McCain Foods has long demonstrated an appreciation of the nature and value of potato research and technology development.

• The first recorded contact with the Agriculture Canada Research Station in Fredericton came in 1958, the second year of operation. That Station, together with Dr. Ora Smith of Cornell University, was asked to investigate a problem related to after-cooking darkening.

• In 1960 McCain Foods joined with three research institutions to establish a major project to look at texture problems in French fries manufactured from potatoes grown in the Northeast. By 1965, this research group had outlined field production and processing criteria that are the standard of eastern French fry production today. The Management Profile that has become the trademark of technology transfer for McCain worldwide has an outgrowth of this research project.

• The McCain Research Farm in New Brunswick was established in 1974 to generate specialized crop management information related to the production of potatoes for processing. Subsequently, similar Research Farms were established in England, Holland and France.
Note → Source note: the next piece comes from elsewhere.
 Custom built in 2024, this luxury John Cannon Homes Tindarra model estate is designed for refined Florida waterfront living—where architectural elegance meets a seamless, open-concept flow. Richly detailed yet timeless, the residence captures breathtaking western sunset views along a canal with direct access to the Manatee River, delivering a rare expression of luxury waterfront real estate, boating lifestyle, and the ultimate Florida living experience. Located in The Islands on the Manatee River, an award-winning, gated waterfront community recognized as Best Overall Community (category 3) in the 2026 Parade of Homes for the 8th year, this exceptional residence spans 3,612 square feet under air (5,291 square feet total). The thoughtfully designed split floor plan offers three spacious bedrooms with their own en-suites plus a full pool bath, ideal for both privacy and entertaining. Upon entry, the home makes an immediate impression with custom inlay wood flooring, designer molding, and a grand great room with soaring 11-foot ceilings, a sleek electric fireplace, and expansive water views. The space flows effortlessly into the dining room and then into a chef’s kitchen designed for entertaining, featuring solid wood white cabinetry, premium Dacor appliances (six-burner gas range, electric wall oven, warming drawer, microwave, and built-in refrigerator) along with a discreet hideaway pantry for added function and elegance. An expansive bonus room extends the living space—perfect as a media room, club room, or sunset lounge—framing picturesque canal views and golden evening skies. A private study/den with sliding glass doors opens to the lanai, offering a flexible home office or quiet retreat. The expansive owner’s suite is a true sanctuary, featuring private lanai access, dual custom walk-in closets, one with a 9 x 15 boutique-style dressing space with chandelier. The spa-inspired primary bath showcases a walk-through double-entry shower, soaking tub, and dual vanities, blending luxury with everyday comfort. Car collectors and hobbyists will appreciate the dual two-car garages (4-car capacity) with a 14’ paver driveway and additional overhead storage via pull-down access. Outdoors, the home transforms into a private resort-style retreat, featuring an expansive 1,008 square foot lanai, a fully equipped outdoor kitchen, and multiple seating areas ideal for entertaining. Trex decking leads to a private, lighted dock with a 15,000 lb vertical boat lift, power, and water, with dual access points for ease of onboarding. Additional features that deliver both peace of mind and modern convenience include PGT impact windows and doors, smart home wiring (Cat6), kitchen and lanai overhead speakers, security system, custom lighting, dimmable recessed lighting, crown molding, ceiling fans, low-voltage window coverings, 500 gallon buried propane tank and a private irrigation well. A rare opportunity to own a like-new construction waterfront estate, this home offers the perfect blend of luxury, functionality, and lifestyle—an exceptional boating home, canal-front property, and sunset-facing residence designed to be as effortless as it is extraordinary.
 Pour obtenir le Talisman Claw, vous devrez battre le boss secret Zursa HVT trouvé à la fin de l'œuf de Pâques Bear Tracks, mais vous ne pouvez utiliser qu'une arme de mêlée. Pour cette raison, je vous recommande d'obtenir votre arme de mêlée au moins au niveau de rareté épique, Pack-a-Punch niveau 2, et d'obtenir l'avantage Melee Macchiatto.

• McCain Foods played the key role in the evaluation of the commercial potential of the variety Shepody, in its introduction into many production areas worldwide, and in the establishment of Shepody with major food service customers as a source of raw material for quality French fries. • In order to meet McDonald French fry specifications, in 1986 McCain initiated a program to transfer to Europe seed stocks of Russet Burbank and Shepody, and to, as required, develop or transfer the technology necessary to grow these varieties under local conditions. Europe had little previous experience with North American type varieties, seed cutting, disease problems associated with these varieties, or with the harvesting, handling and storage of large tubers. For five years the Research Farms worked to develop the requisite management profiles. By 1991, significant commercial acreages of these two varieties were in production in four European countries.

• McCain Foods developed the production technology and was the first to successfully market the high solids, low fat, ovenable French fry for the retail market. The McCain brand dominates that retail market segment in most countries where they have operations.

McCain Foods has been a Sustaining Member of The PAA since 1962, and has been the premiere industry supporter of several annual meetings. The company has been a Sustaining Member of the European Association for Potato Research since 1970.

Others have chosen to recognize the achievements of these two brothers:- Wallace has been granted honourary degrees by Mount Allison University and the University of King’s College and is a Director of the Royal Bank; while Harrison has been granted honourary degrees by the University of New Brunswick, Acadia University and MacDonald College of McGill, is a Director of the Bank of Nova Scotia and a Member of the Order of Canada.

In recognition of the role of McCain Foods Ltd. in creating and developing markets for the potato worldwide—

In recognition of their understanding of the role of new technologies in the efficient production, under environmentally friendly conditions, of quality processing potatoes–

and In recognition of the support given to The Potato Association of America and the endeavors of many of the Association’s individual members–

I am pleased to present G. Wallace F. McCain and H. Harrison McCain for Honourary Life Memberships in The Potato Association of America.